Unlike Titans (which update with only $(k_t, v_t)$),

ATLAS updates memory using a sliding window of the last c tokens:

$$ M_t = \arg\min_M \sum_{i=t-c+1}^{t} Y_i^{(t)} | M(\phi(k_i)) - v_i |^2 $$

Features:

  • Multi-token optimization: memory learns from a context span, not a single token.
  • Learned gates $Y_i^t$: controls how much each token contributes.
  • Generalizes classical rules:
    • $c=1$ → Delta rule / Titans
    • $c=\infty$ → global optimization like attention

2.3. Stronger internal optimizer (Muon)

ATLAS replaces Titans’ first-order memory update (gradient descent + momentum):

$$ M_t = \alpha_t M_{t-1} + S_t,\qquad $$

$$ S_t = \gamma_t S_{t-1} - \eta_t \nabla \ell(M_{t-1}; k_t, v_t) $$

with a second-order, quasi-Newton style update using the Muon optimizer.

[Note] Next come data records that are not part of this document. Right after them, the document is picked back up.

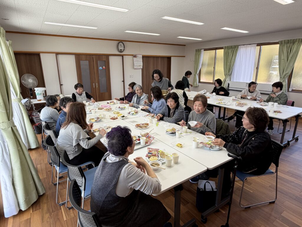 演奏会の後はお茶のみ会が開催され、テーブルには参加者が持ち寄ったお手製の漬物や温かい汁物、蒸しケーキなど、心のこもった料理が並びました。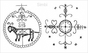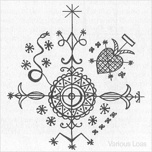 who’d-a-thunk a sub-par wes craven flick from the 80’s would lead me to items of interest? after watching serpent and the rainbow recently i went off in search of voodoo and found veves. quote: In vodou (Voodoo) practice, veves are intricate symbols of the loas (gods), and are used in rituals. each loa has his or her own complex veve, which is traced on the ground with powdered eggshell or cornmeal prior to a ritual. the ability to draw a veve correctly is considered to be the skill of an initiate. the better drawn a veve is the more powerful in invocation it is. see below for a few examples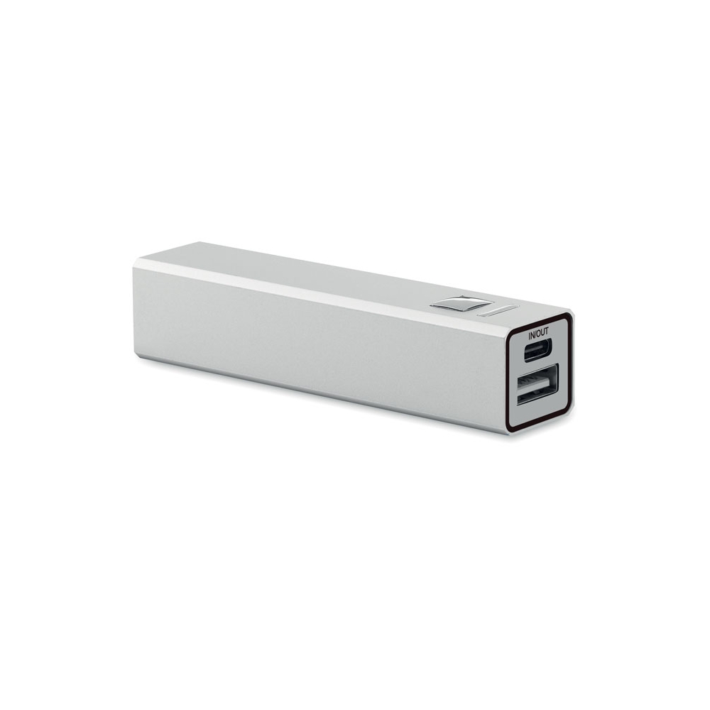 Artikel-Nr: OCBMO2374-16Powerbank 2600 mAh aus recyceltem Aluminium. Geeignet zum Betrieb von Smartphones. Ausgangsstrom DC5V/2A. Inkl. USB-Typ-C Ladekabel mit Typ-A Adapter. Eingang / Ausgang: USB-Typ-C.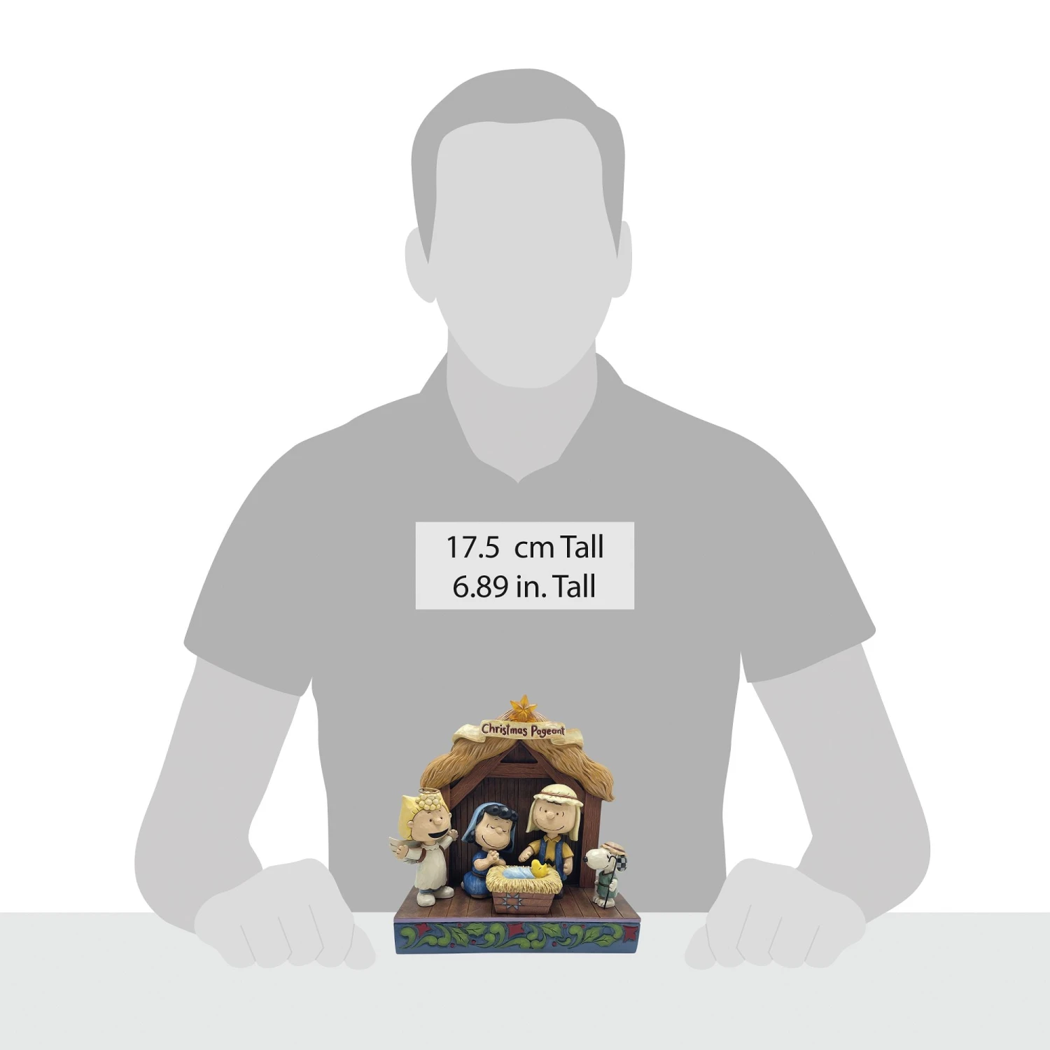 Jim Shore invites you to the Peanuts Christmas pageant! On a rosemale stage, Lucy and Linus sit in a manger dressed as Mary and Joseph tending to a Woodstock baby Jesus. Sally is dressed as an angel and Snoopy is a shepherd.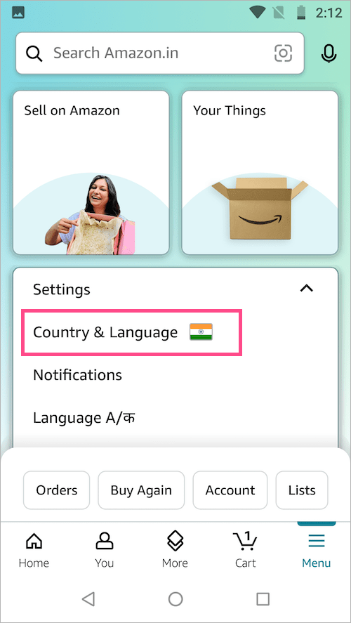 按照以下步骤将亚马逊应用程序上的语言从西班牙语更改为英语。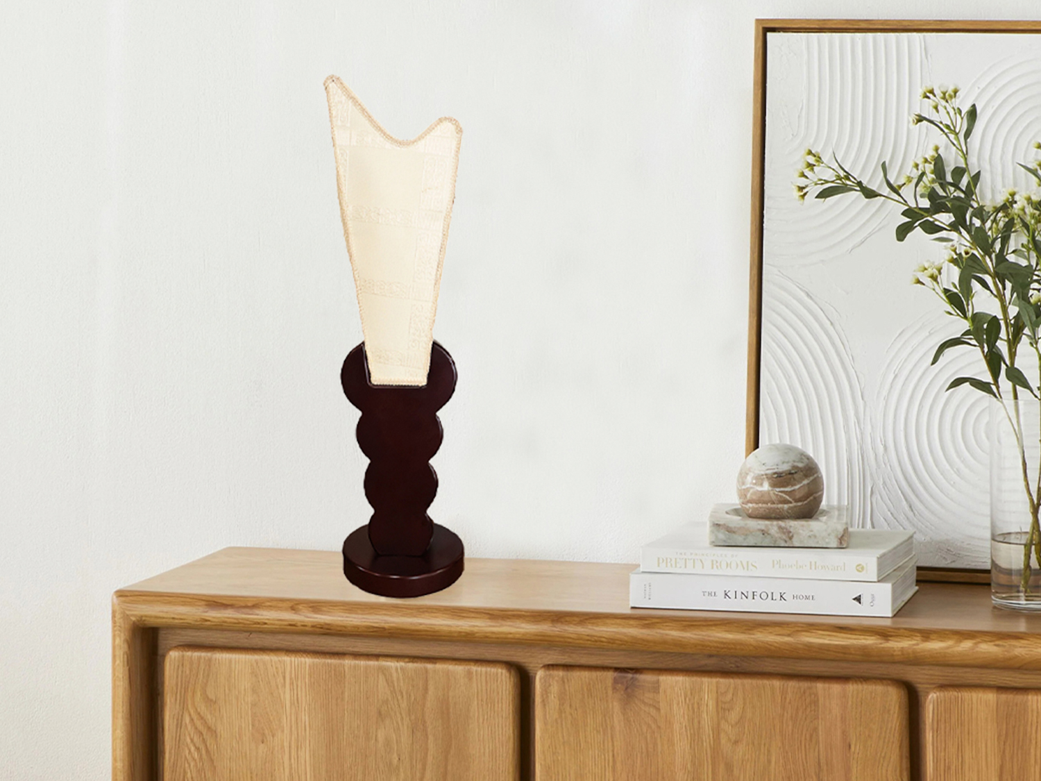 The Table Lamp is crafted from wood with carved detailing with a traditional influence but in a modern design. Great for living spaces modern or traditional providing ambient lighting.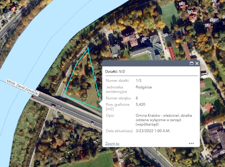 Wydział Planowania Przestrzennego Urzędu Miasta Krakowa przekazał, iż realizacja zadania na działce nr 1/3, obręb P-8, jednostka ewidencyjna Podgórze, nie jest możliwa ze względu na to, że ustalenia planu nie dopuszczają lokalizacji zadania we wskazanym miejscu. Oznacza to, że ww. działka znajduje się w terenie przeznaczonym pod zabudowę usługową, oznaczona symbolem U.1. W ramach przeznaczenia podstawowego (należy przez to rozumieć rodzaj przeznaczenia, które zostało ustalone planem jako przeważające na danym terenie wyznaczonym liniami rozgraniczającymi na rysunku planu) przewidziano funkcję zabudowy usługowej. Dodatkowo na ww. działce znajduje się teren przeznaczony pod drogę wewnętrzną, oznaczoną symbolem KDW.1 Zgodnie z zapisami UCHWAŁY NR LI/1410/21 RADY MIASTA KRAKOWA z dnia 13 stycznia 2021 r. w sprawie Regulaminu budżetu obywatelskiego Miasta Krakowa §17 ust. 1 pkt.4 W ramach procedury budżetu obywatelskiego nie mogą być realizowane projekty które w dniu zgłoszenia stoją w sprzeczności z obowiązującymi w mieście planami, politykami, strategiami, programami i innymi uchwałami Rady i zarządzeniami Prezydenta oraz §17 ust. 1 pkt.6 które naruszałyby obowiązujące przepisy prawa, w szczególności przepisy miejscowych planów zagospodarowania przestrzennego, prawa osób trzecich, w tym prawa własności. W związku z powyższym projekt otrzymuje opinie negatywną.

Muon approximates the Newton update:

$$ M_t = M_{t-1} - H_t^{-1} \nabla \ell_t, $$

and replaces $H_t^{-1}$ with a cheap matrix-free approximation using the Newton–Schulz iteration:

$$ H_t^{-1} \approx \text{NS}(G_t), $$

where $G_t$ is an approximate curvature / preconditioner matrix.

Thus, the ATLAS memory update using Muon becomes:

$$ M_t = \alpha_t M_{t-1} - \eta_t \text{NS}(G_t) , \left( \sum_{i=t-c+1}^{t} Y_i^{(t)} \nabla \ell(M_{t-1}; k_i, v_i) \right), $$

where:

  • $\alpha_t$ = learned forget gate
  • $\eta_t$ = learned step size
  • $Y_i^{(t)}$ = per-token contribution gate
  • $\text{NS}(G_t)$ = Muon second-order curvature approximation

Training & parallelization

To make Omega Rule scale to long sequences, ATLAS:

  • splits the sequence into parallel chunks,
  • applies recurrent updates within a chunk,
  • and applies parallelizable gradient accumulation across chunks.

Thus ATLAS preserves the GPU/TPU-friendly nature of Titans while significantly improving memory quality.

image.png

3. Novelty

  • Attention replacement with linear complexity

    ATLAS Layer substitutes the Transformer attention block with a read–write memory module that enables long-context reasoning at O(n) cost.

  • Context-based memory updates

    ATLAS replaces token-level updates (Titans) with the Omega Rule, optimizing memory over a window of past tokens rather than only the current one.

  • Deep neural memory with high capacity

    The memory is a deep MLP whose parameters are updated at inference.

    Polynomial/exponential feature maps expand keys/queries and give super-linear memory capacity.

  • Second-order test-time learning

    Memory updates use the Muon optimizer, a quasi-Newton method, providing more stable and expressive learning than Titan’s first-order gradient descent.